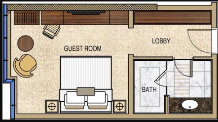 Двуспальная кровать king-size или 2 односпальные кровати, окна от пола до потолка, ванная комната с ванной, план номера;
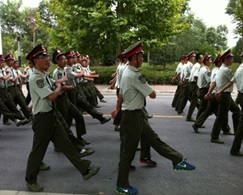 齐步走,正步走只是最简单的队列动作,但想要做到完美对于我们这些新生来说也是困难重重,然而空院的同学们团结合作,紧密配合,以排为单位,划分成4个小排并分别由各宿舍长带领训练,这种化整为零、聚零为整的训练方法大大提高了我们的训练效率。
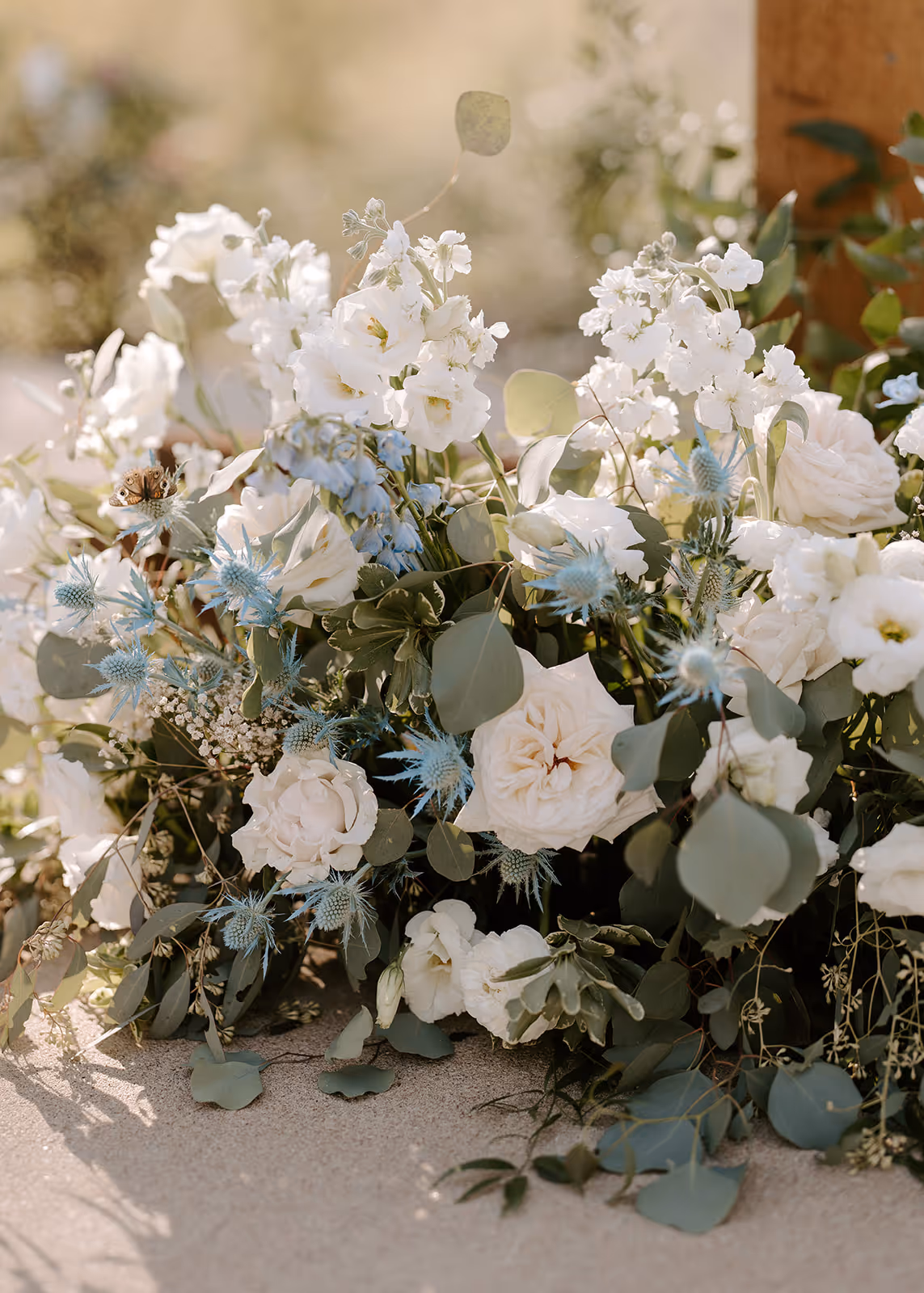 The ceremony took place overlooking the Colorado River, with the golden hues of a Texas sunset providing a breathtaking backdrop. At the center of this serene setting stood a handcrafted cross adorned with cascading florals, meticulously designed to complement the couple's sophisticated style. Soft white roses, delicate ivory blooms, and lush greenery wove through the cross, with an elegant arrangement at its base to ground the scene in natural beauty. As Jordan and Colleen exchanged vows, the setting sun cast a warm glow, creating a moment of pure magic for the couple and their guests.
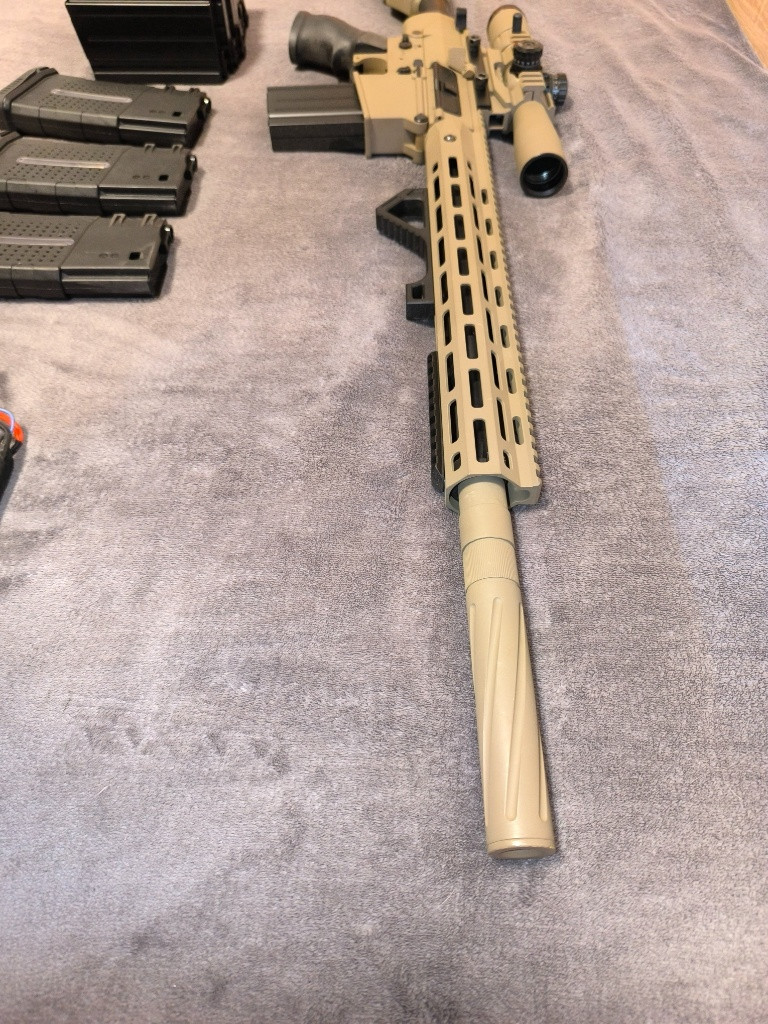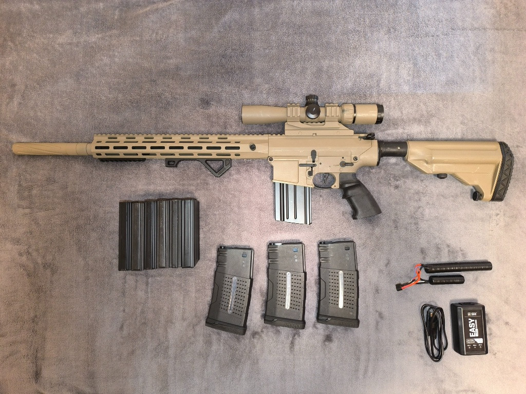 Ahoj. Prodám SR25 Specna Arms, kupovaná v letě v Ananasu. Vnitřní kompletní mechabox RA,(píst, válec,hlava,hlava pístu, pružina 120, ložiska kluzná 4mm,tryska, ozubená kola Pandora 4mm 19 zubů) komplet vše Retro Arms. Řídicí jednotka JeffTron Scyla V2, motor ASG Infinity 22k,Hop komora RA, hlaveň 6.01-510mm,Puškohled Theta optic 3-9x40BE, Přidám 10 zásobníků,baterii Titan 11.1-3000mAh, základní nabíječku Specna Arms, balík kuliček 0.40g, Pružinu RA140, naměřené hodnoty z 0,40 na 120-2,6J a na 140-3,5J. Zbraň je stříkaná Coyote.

=-=-=

- WHAT YOU SHOULD DO
Restate the material above word for word, dropping the pictures.

- RESPONSE FOR THIS EXERCISE
 Двуспальная кровать king-size или 2 односпальные кровати, окна от пола до потолка, ванная комната с ванной, план номера;
 齐步走,正步走只是最简单的队列动作,但想要做到完美对于我们这些新生来说也是困难重重,然而空院的同学们团结合作,紧密配合,以排为单位,划分成4个小排并分别由各宿舍长带领训练,这种化整为零、聚零为整的训练方法大大提高了我们的训练效率。
 The ceremony took place overlooking the Colorado River, with the golden hues of a Texas sunset providing a breathtaking backdrop. At the center of this serene setting stood a handcrafted cross adorned with cascading florals, meticulously designed to complement the couple's sophisticated style. Soft white roses, delicate ivory blooms, and lush greenery wove through the cross, with an elegant arrangement at its base to ground the scene in natural beauty. As Jordan and Colleen exchanged vows, the setting sun cast a warm glow, creating a moment of pure magic for the couple and their guests.
 Ahoj. Prodám SR25 Specna Arms, kupovaná v letě v Ananasu. Vnitřní kompletní mechabox RA,(píst, válec,hlava,hlava pístu, pružina 120, ložiska kluzná 4mm,tryska, ozubená kola Pandora 4mm 19 zubů) komplet vše Retro Arms. Řídicí jednotka JeffTron Scyla V2, motor ASG Infinity 22k,Hop komora RA, hlaveň 6.01-510mm,Puškohled Theta optic 3-9x40BE, Přidám 10 zásobníků,baterii Titan 11.1-3000mAh, základní nabíječku Specna Arms, balík kuliček 0.40g, Pružinu RA140, naměřené hodnoty z 0,40 na 120-2,6J a na 140-3,5J. Zbraň je stříkaná Coyote.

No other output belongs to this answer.